4. Welche Nebenwirkungen hat Cannabis?

Cannabis kann abhängig machen, in seltenen Fällen in eine Psychose führen, außerdem können trockener Mund, Übelkeit, Schwindel und Müdigkeit auftreten. Vieles über medizinische Wirkungen ist noch nicht erforscht.

5. Wieso ist Cannabis in Österreich noch nicht freigegeben?

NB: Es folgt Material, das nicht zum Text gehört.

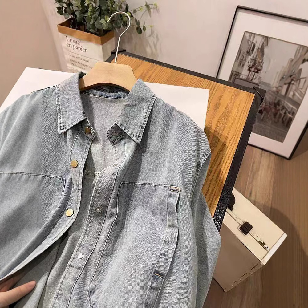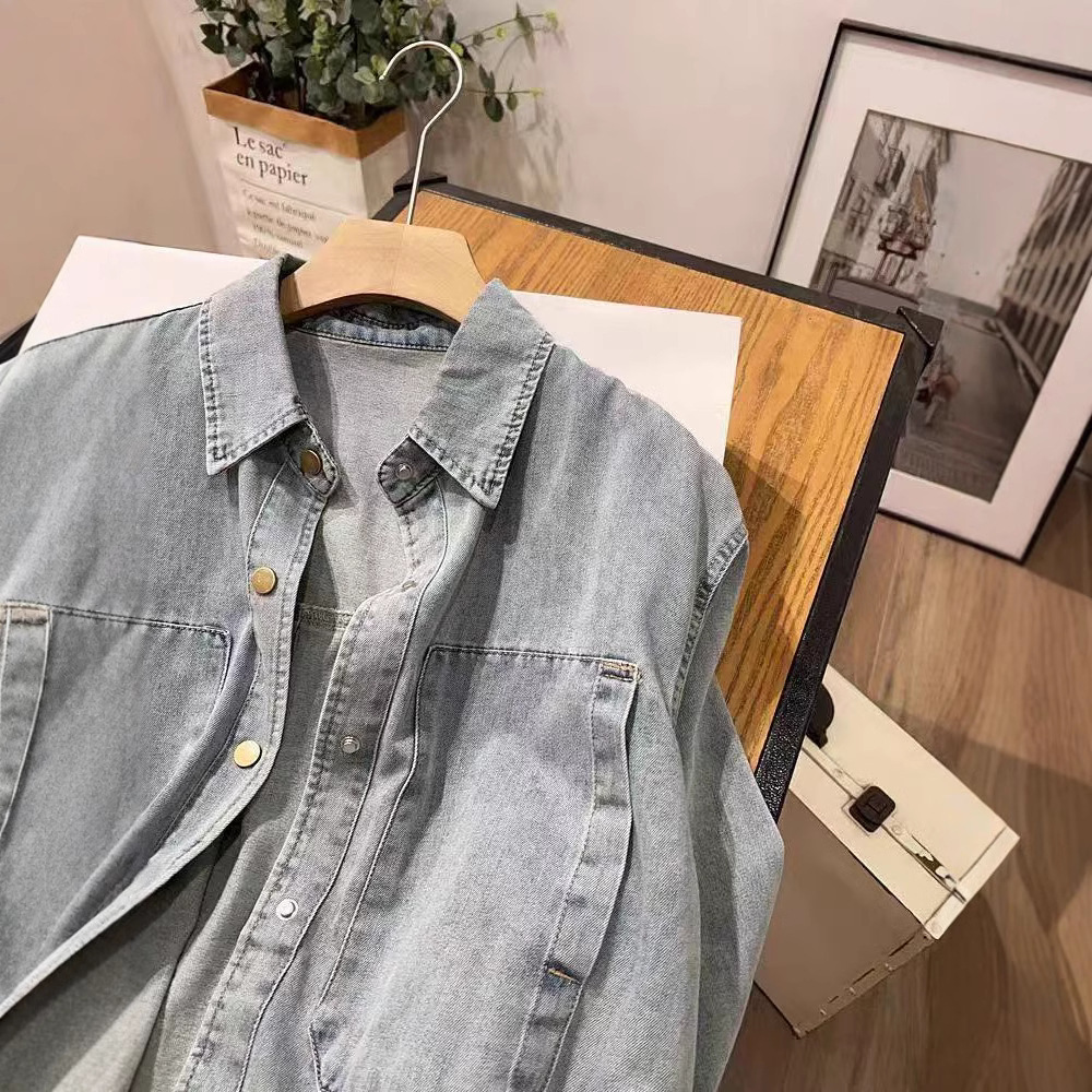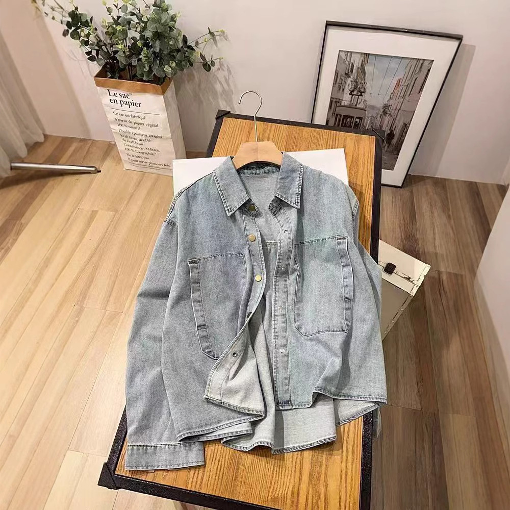 25年春款衬衫牛仔设计款韩版学院风新款衬衫外套宽松休闲上衣新款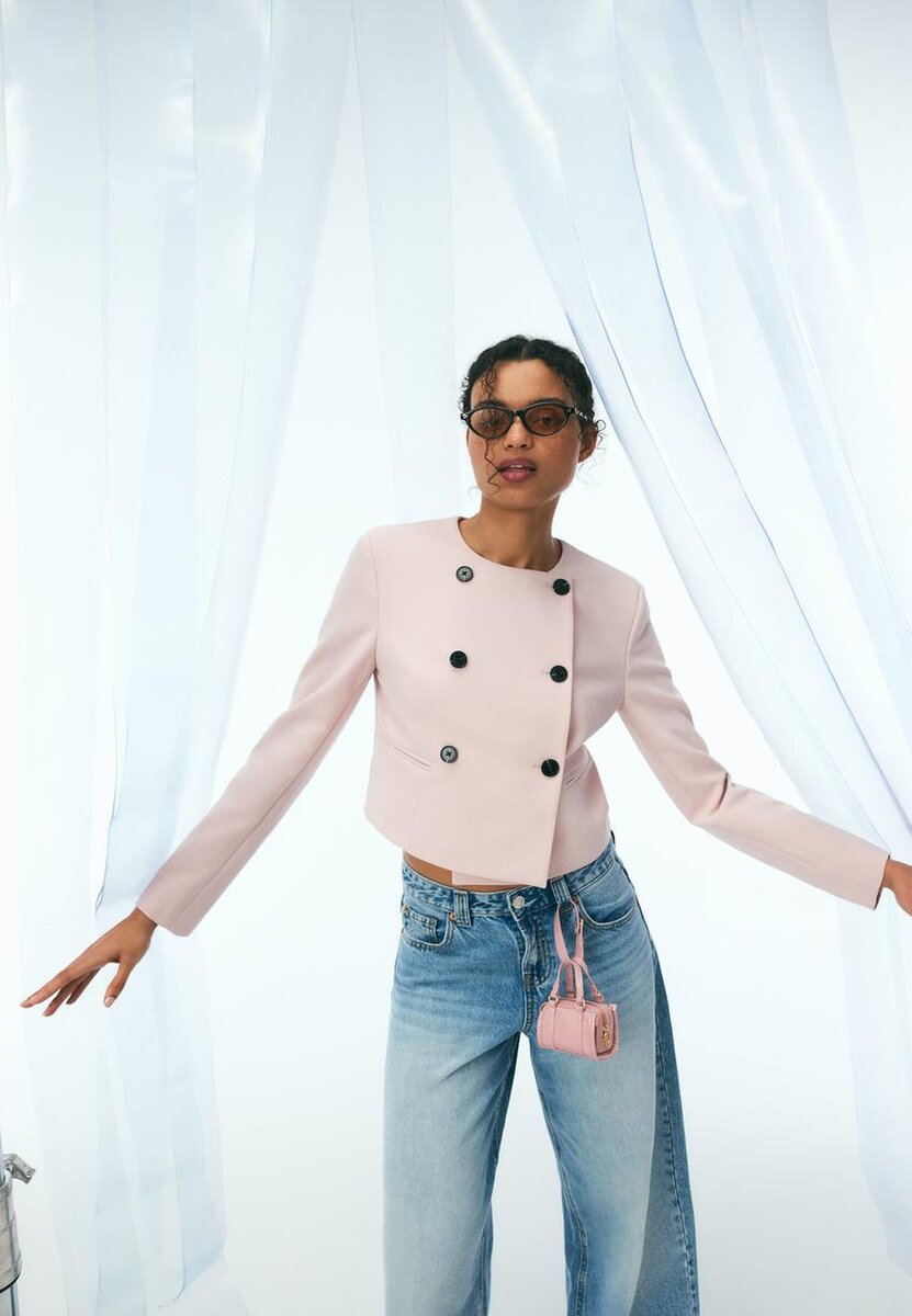 Kort blazer med rund hals fra Stradivarius for kun 29,94 $ Tilgjengelig i en begrenset periode. Mocacos Nuevo for kvinner Alltid på moten, kom inn og oppdag det nå!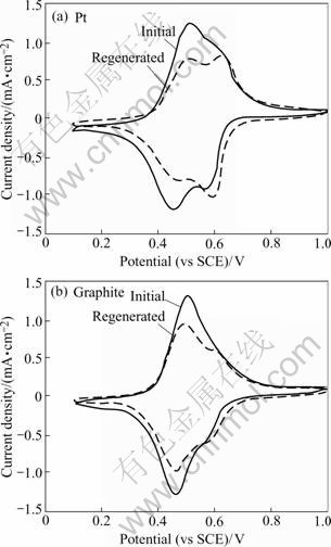One advantage of ESIX technology is that the transition of oxidized and reduced states corresponding to unloading and loading of metal ions of NiHCF thin film is easily controlled by electrochemistry. Accordingly the metal ions are separated and thin films are regenerated. The film used in the solution containing Cs+ is called Cs+ form. The regeneration of the thin films on Pt and graphite substrates from the Cs-form to the K-form can be accomplished by cycling a Cs-loaded film in a K+-containing electrolyte. Fig.8 shows the voltammograms of regenerated films at the 25th cycle in 1 mol/L KNO3 solution. For comparison, the initial CVs of the films are also shown in this figure. After regeneration the CVs for Pt and graphite films have 77% and 80% as much ion-exchange capacity as initially CVs in K+-containing electrolyte respectively. The ion exchange capacity could be increased with the cyclic number and the regenerated NiHCF films on Pt and graphite still have good redox reversible activity.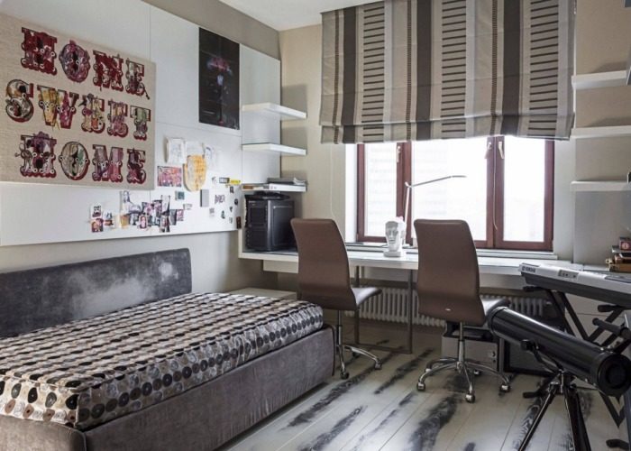 Kreative Personen müssen Musikinstrumente oder Staffeleien in den Raum stellen. Studenten benötigen einen funktionalen und komfortablen Schreibtisch zum Lernen. Für einen Spieler ist es wichtig, bequem einen Computer zu platzieren und einen bequemen orthopädischen Stuhl aufzuheben.

Ob Cannabis für medizinische Zwecke erhältlich sein soll, ist international umstritten. "Cannabinoide haben einen in wissenschaftlichen Studien belegten schmerzlindernden Effekt bei Menschen, die an Krebserkrankungen leiden. Doch wissenschaftlich belegt ist das nur mit pharmazeutisch hergestellten Cannabinoid-Medikamenten", stellte dazu Hans-Georg Kress, Leiter der Abteilung für spezielle Anästhesie und Schmerztherapie (AKH/MedUni Wien), Vorstandsmitglied der Österreichischen Schmerzgesellschaft und Past President der Europäischen Schmerzförderation (EFIC), fest. "Es macht deshalb keinen Sinn, Cannabis oder Marihuana für medizinische Zwecke einfach freizugeben. Hier fehlt der Nachweis der Überlegenheit gegenüber den in Studien getesteten Cannabinoiden. Und wir sollten in unserem Gesundheitswesen, das ja sonst auch auf die Kosten schaut, nur Medikamente verwenden und zahlen, für die eine Wirksamkeit gegeben ist", erklärte Kress.

© Video: News.at

In Österreich sei Cannabis immer noch als Suchtmittel stigmatisiert und für Patienten nur in synthetischer Form als teures Medikament erhältlich, das nur sehr eingeschränkt von der Krankenkasse bezahlt wird, kritisiert Gesundheitssprecherin Eva Mückstein. "Derzeit werden etwa beim Cannabismedikament Dronabinol nur 20 bis 30 Prozent der Kosten von der Krankenkasse ersetzt", erklärt sie. Das Medikament sei daher für viele Patienten unerschwinglich. "Ich fordere die Gesundheitspolitik auf, Cannabis nicht länger als Suchtmittel zu stigmatisieren und schwerkranken Menschen wie in Deutschland in natürlicher Form als Medizin zur Verfügung zu stellen", sagt Mückstein.